I am SOOOOO frustrated. 

I would consider Charley potty trained an trustworthy. I would say he had no accidents in the house after 6 months old. 

He is about a year and 4 months old now & all of the sudden, yesterday & today, he has peed in the house. Both times he was outside about 10 minutes prior and may or may not have went pee outside already (I have a fenced yard, so I just let him out & dont watch his every move anymore). 

Could he have a UTI or something? Or is he regressing? I WILL NOT tolerate peeing in the house. He has a vet appointment in an hour & I would LOVE to bring a sample for them to test to see if he has something where he cant hold his pee ((like a stone or a UTI) but his sample just leaked ALL Over my kitchen floor. HELP! 

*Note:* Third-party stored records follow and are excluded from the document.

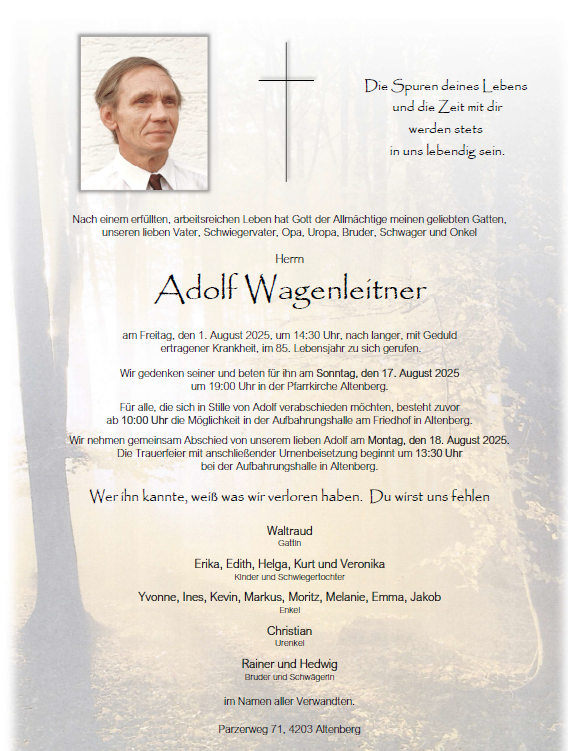 Am 1. August 2025 verstarb unser langjähriges Mitglied Adi Wagenleitner.
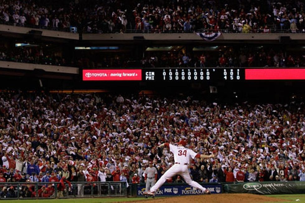 An iconic shot of Halladay before completing his famous No-Hitter in the 2010 NLDS.
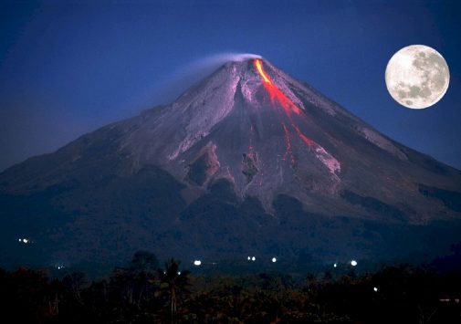 Посмотрите на извержение самого активного вулкана Индонезии

And if you have any tips for catching a sample please share. Maybe I can get him to pee again before we leave.


----------



## krandall (Jun 11, 2009)

It's certainly worth checking out any physical problem that could be causing it. But it is VERY common for Havs to have a "back-slide" in their potty training at around a year, even if they have seemed fully potty trained before that. I was warned about this with Kodi, and it happened just as predicted!

Charley may be later with his "backslide", but if I remember, you had an easier-than-average time with him when he was younger. So he may just not be on the same time-table as many other Havs. Remember that he's still an adolescent even if he's full sized. He won't be truly an adult until he's about two years old. 

When Kodi back-slid, we tightened up the rules again. He was back to being gated away from most of the house, confined to just the kitchen and family rooms, where we felt that we could trust him. All potty runs were on-leash, with tons of praise for going in the right place. It was only a few weeks, and we were ready to give him more freedom, one room at a time.


----------